Detection of tampering inconsistencies on mobile photos

  • Authors:
  • Hong Cao;Alex C. Kot

  • Affiliations:
  • School of Electrical and Electronic Engineering, Nanyang Technological University, Jurong West, Singapore;School of Electrical and Electronic Engineering, Nanyang Technological University, Jurong West, Singapore

  • Venue:
  • IWDW'10 Proceedings of the 9th international conference on Digital watermarking
  • Year:
  • 2010

Quantified Score

Hi-index 0.00

Visualization

Abstract

Fast proliferation of mobile cameras and the deteriorating trust on digital images have created needs in determining the integrity of photos captured by mobile devices. As tampering often creates some inconsistencies, we propose in this paper a novel framework to statistically detect the image tampering inconsistency using accurately detected demosaicing weights features. By first cropping four non-overlapping blocks, each from one of the four quadrants in the mobile photo, we extract a set of demosaicing weights features from each block based on a partial derivative correlation model.
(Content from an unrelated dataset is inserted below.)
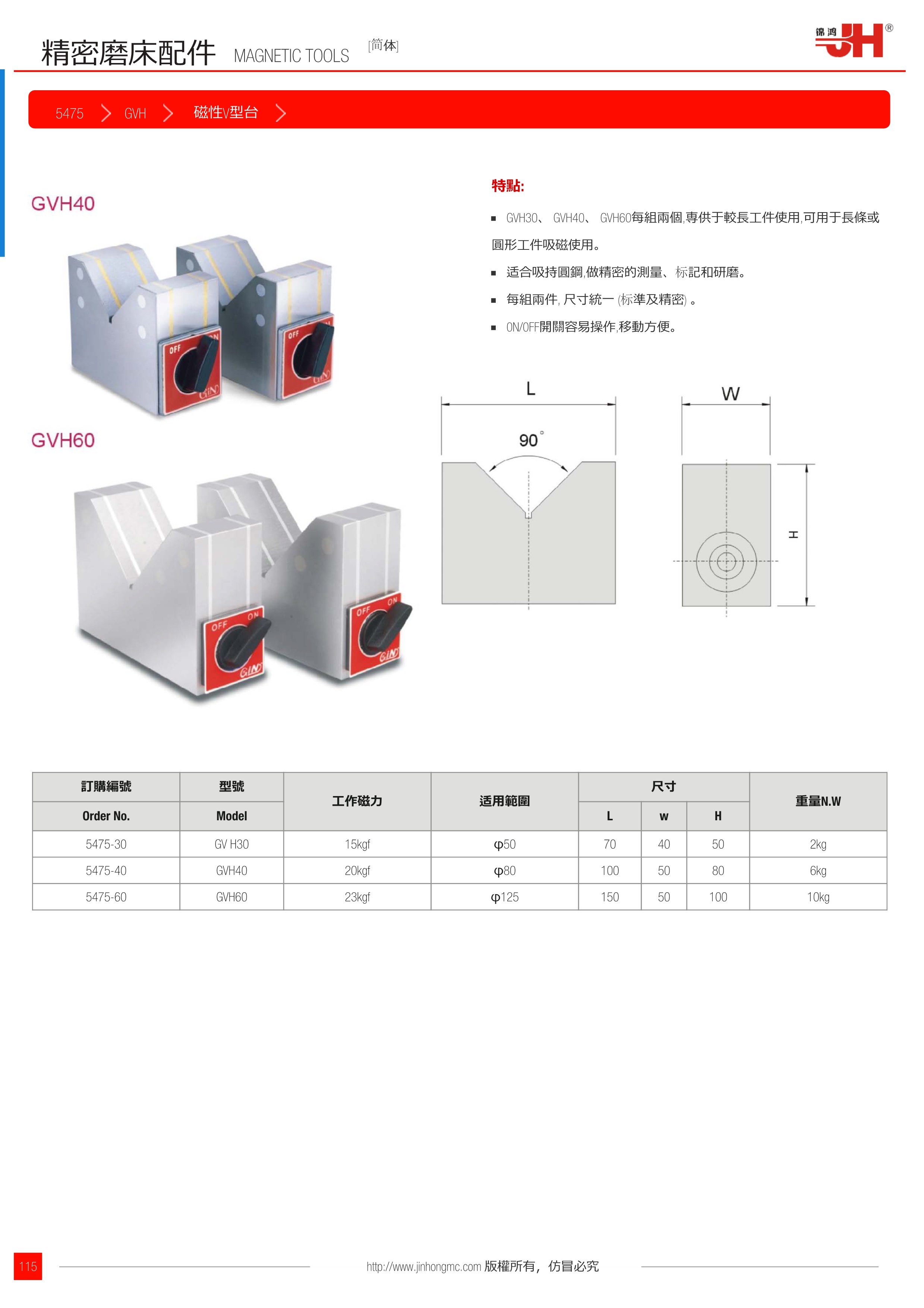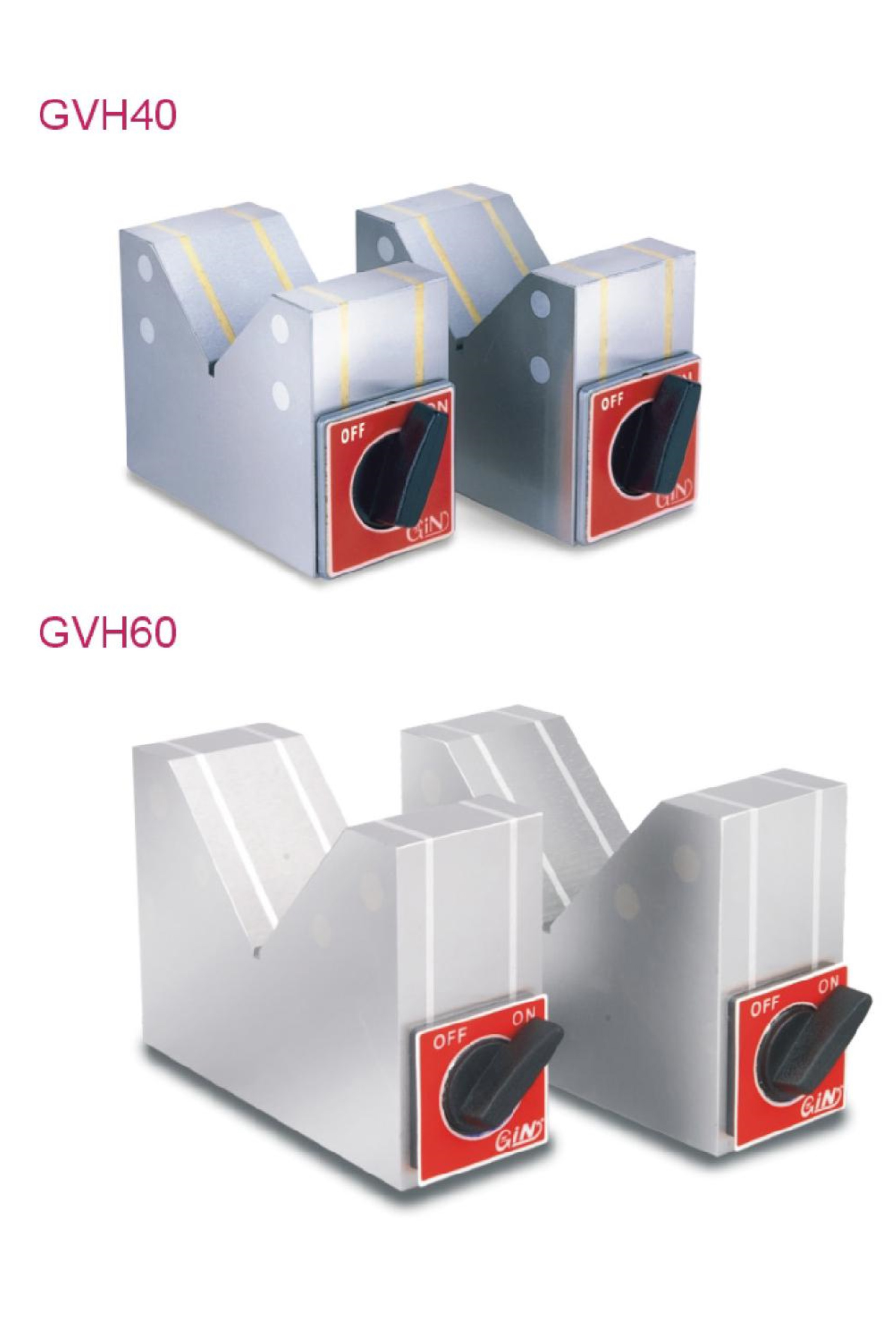•  GVH30、 GVH40、 GVH60每組兩個,専供于較長工件使用,可用于長條或圓形工件吸磁使用。

Through regularizing the eigenspectrum of the within-photo covariance matrix and performing eigenfeature transformation, we further derive a compact set of eigen demosaicing weights features, which are sensitive to image signal mixing from different photo sources. A metric is then proposed to quantify the inconsistency based on the eigen weights features among the blocks cropped from different regions of the mobile photo. Through comparison, we show our eigen weights features perform better than the eigen features extracted from several other conventional sets of statistical forensics features in detecting the presence of tampering. Experimentally, our method shows a good confidence in tampering detection especially when one of the four cropped blocks is from a different camera model or brand with different demosaicing process.